Я ничего не знал об этой женщине, не спрашивал ее имени. Видел только, что она не горожанка, а знатная дама. Что ж, и с ни ми это тоже случается. И они страдают. И кровь у них того же цвета, что и у прочих. Им приходится порой даже хуже, чем безымянным гризеткам. Знатное происхождение предполагает строжайшую тайну. Огласка – это позор и даже смерть. Опороченная жертва будет лишена семьи и самого имени. От нее отвернутся друзья, ее покинет муж, двери всех благородных домов будут для нее закрыты. Ей придется скрываться и влачить свои дни в печальном уединении. Или похоронить себя в монастыре. Вершина, на которую возносит судьба, скрывает по ту сторону пропасть. Какой же страх, какая смертельная тайна вынудили ее отправиться в эти зловещие закоулки, где сам воздух клубится пороком? Каким мужеством надо обладать, чтобы стоически вынести боль, затем встать и отправиться в обратный путь по тем же заболоченным переулкам!

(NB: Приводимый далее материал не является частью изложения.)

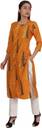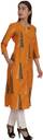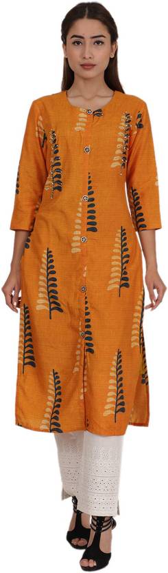 Muslin Printed Straight Kurta Knee Length 1 Kurta 3/4th Sleeves With Round Neck Casual, Festive & Party Wear; Highlight with buttons Product colour may slightly vary due to photographic lighting sources or your monitor settings
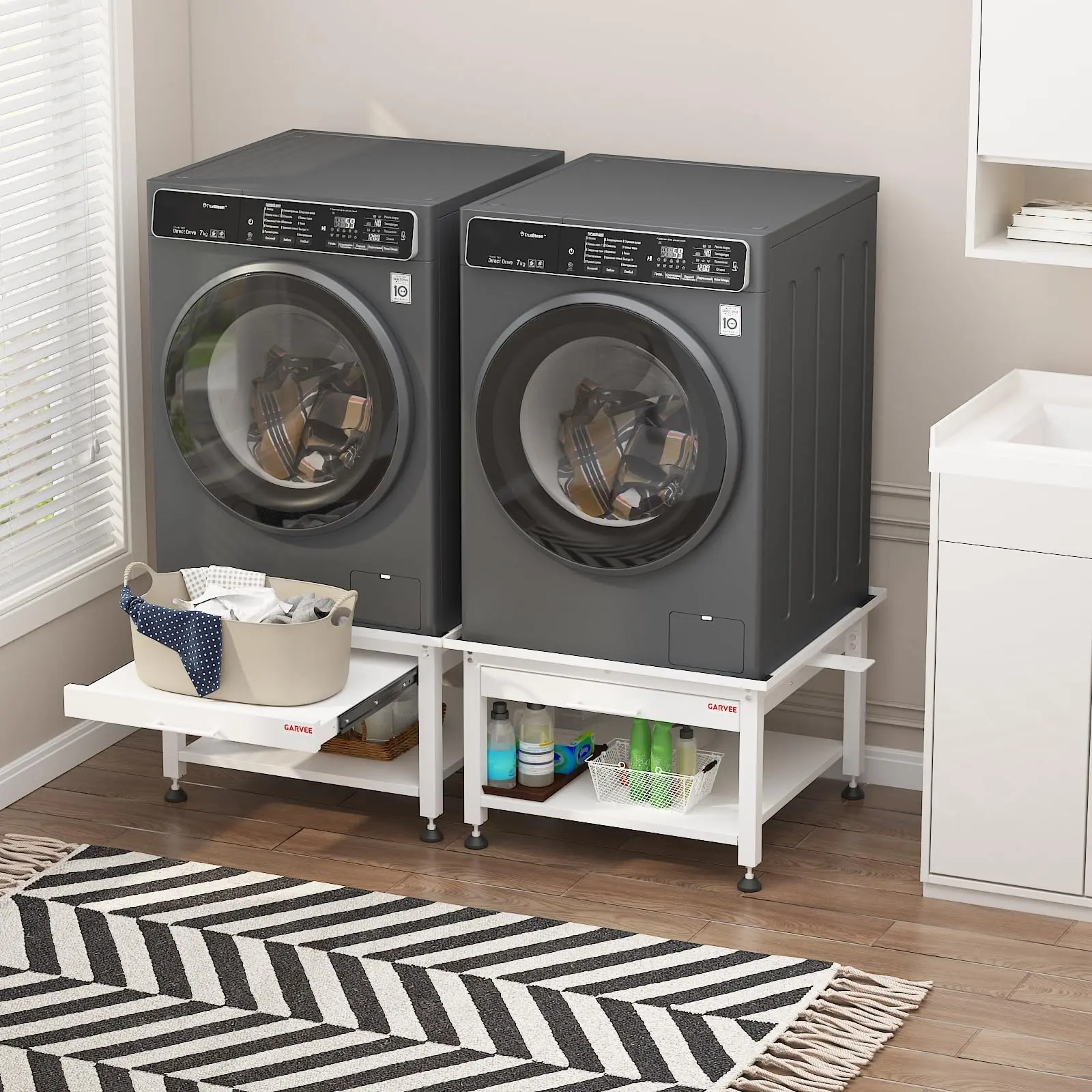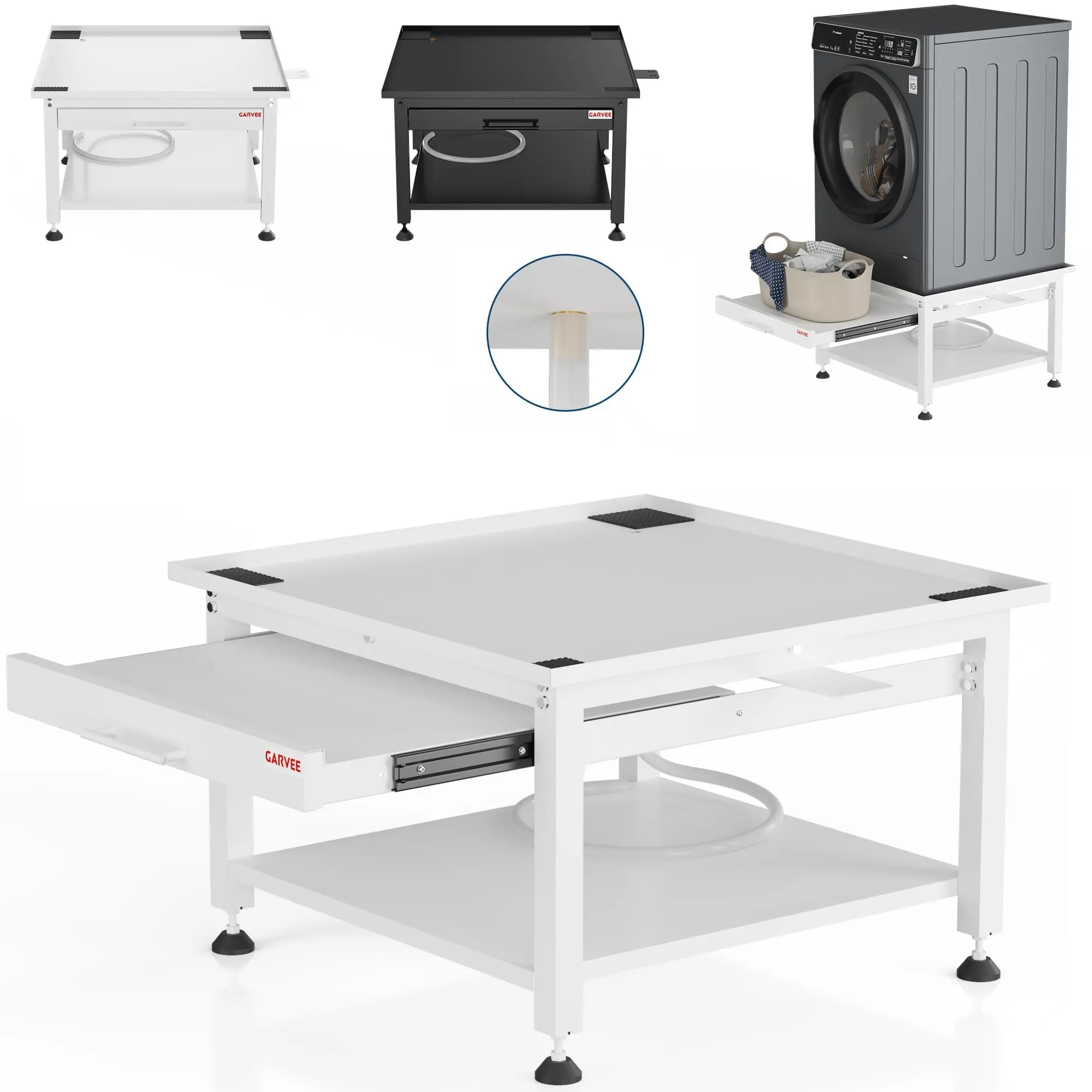 · Built from durable alloy steel, this laundry pedestal supports up to 800–1000 lbs, ensuring stability for washers, dryers, and more.

И вот она вновь смотрит на меня, не то укоряя, не то напутствуя. Она хочет что-то сказать, но ей мешают слуги. Она бросает на них ненавидящий взгляд, вздыхает и ровно произносит:

– Ее высочество ждет вас.

Глава 13

Ей нравилось играть в бога. Собственно, это единственное, что ей по-настоящему нравилось. Право жизни и смерти. Что может быть слаще и восхитительней? Наслаждение подлинное, без примесей, как золото самой высшей пробы, то, что делает смертного равным божеству. Все прочие удовольствия ничего не стоят, если за ними серой тенью не прячется оно, подлинное. Да и самого наслаждения не существует, если в нем нет этой волшебной пряности, этого яда, который люди называют властью над ближним.

Нет большего наслаждения, чем держать на ладони чью-то жизнь. Как птичку, которую изловили хитростью, или зайчонка, подобранного в лесу. Чувствовать в ладони биение хрупкого чужого бытия. Достаточно сжать пальцы, и тонкие ребрышки пронзят сердце, будто изогнутые кинжалы. Но пальцы можно и не сжимать, ибо со смертью наслаждение иссякнет, и тогда придется ловить другую птичку, другую жизнь. А для забавы пригодна не каждая жертва. Добыча должна быть достойна победителя. Ибо победитель этот – бог.

Она нашла свою жертву, свою богоравную добычу. Эта жертва обещала череду услад, от мерцающих и тягучих до ярких и ослепительных. Она уже познала нечто подобное. В ней уже разгорался этот огонь, еще без видимого пламени, без заметного жара, только тлел, как глубинный пласт болотного торфа, который скрывает подземный пожар. Ей нравилось пламенеть именно так, размеренно, постепенно, без вспышек, когда трепет разливается внутри, заполняет каждую полость и каждую впадину эфирного свода. Клотильда прикрыла глаза. Ее власть обретала сугубо предметный образ. Она знала, что представлять.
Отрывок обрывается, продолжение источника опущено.